What can government do about district heating
Imagine a country where few houses have mains electricity or gas connections or pre-purified water supplies, where every house had to have its own power generator, bottled gas and water filtering systems. That sounds like a remote, poor, and sparsely populated country, and certainly not like the UK. But this is precisely how the UK behaves in the all-important area of heating.
This is a country where most people actively prefer to generate their own central heating and hot water supply at home using their own separately maintained boiler. But there is a more joined-up alternative. With district heating, or district energy systems heat is produced from a centralised source, or network of sources, and literally piped out to individual buildings, including homes.
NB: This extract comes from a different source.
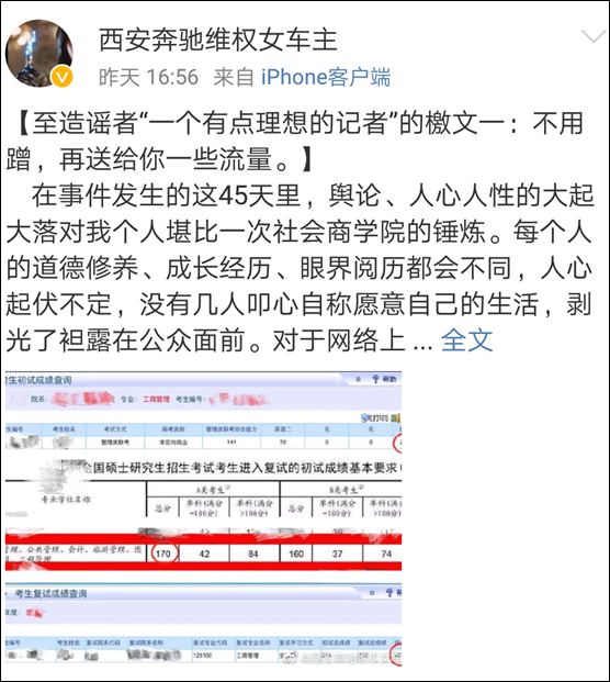 翻頁看@西安奔馳維權女車主和@一個有點理想的記者微博發佈的文章。

The most obvious advantages lie in the cost, with big economies of scale and the potential to use heat (e.g. from industry or from power generation) that would otherwise be wasted, and in terms of the environment. It is much easier to run a central plant using renewable energy sources than it is for thousands of separate boilers, and some renewable energy generating process, such as anaerobic digestion of food waste are only practicable on a large scale.
A heat network is also more flexible. For example, heat generated from ‘unreliable’ sources, like solar or wind, can be more easily and cheaply stored on a large scale. Obviously there are costs, most obviously that of running the heat out to buildings over a wide area, which can easily run to £1,000 per metre. But the UK, easily the most densely populated of the larger European countries, and with a cool climate and a lot of older houses that are hard to insulate, is surely one of the best placed to really go to grasp the advantages.
And yet in the UK, less than 2% of homes are currently connected to a heat network, a share that has been growing only gradually in recent decades. This compares with 8% in France, 12% in Germany, 42% in Sweden, and 61% in Denmark.
In fact, in the whole of Europe north of the Alps and Pyrenees, the only countries with a share as low as the UK are Ireland – where housing has been heavily influenced by links with the UK – and Norway, which has almost limitless hydro-electric power.
The British Department of Energy and Climate Change and the Scottish Government both recognise the potential benefits of district heating, but there are some critical barriers to overcome if district heating is to rise to levels even close to those found elsewhere.
Some of these are practical. A high proportion of the population live in individual houses which are more expensive to connect than flats. More homes are privately owned which means that unless there are strong incentives or even a degree of compulsion it is hard to persuade people to connect. Of course, a critical factor here is that it is not normally cost effective to connect individual buildings to a heat network in an incremental or piecemeal way. In Denmark, which leads Europe in district heating, households can sometimes be obliged to adopt it.
This leads to perhaps the biggest issue that district heating needs to address if it is to become mainstream in the UK. The popular expression that 'an Englishman’s home is his castle' was always something of a romantic exaggeration, but it reflects a widespread ideal, supported in the rest of the UK as well. This strong tradition of individualism has been reinforced in recent decades by governments that have become more reluctant for ideological reasons to introduce stringent regulations, let alone to intervene directly.
It is interesting that the two areas where district heating has made most progress are areas where there is more possibility of central control. One is in new-build, where planning guidelines can require more energy efficient heat sources to be considered. This is one reason why London, which is building far more new homes than most other parts of the UK, also has by far the highest penetration of district heating – though of course London’s scale and density are equally important.
The other sector which has led the development of residential heating from the outset is social housing. However this area has its limitations. Many early schemes were inefficient, giving district heating a bad name that has often been hard to challenge. The prevailing ideology also means that much social housing has either been sold off, or handed to smaller housing associations, and new social housing developments tend to be fragmented and so less suited for district heating.
Some useful steps have been taken. CIBSE last year launched a new Code of Practice for the specification and implementation of heat networks, but the processes for verifying and enforcing this are still widely seen as insufficient.
If it is serious about district heating, the UK government probably needs to be more pro-active. So far it has relied mainly on small carrots, such as grants to help local authorities fund feasibility studies. But if the UK wants to even remotely approach the impact made by heat networks elsewhere in Europe, then there probably needs to be a stick as well, to point at local authorities, developers and perhaps eventually even home-owners, though it will be a brave government indeed that will go that far.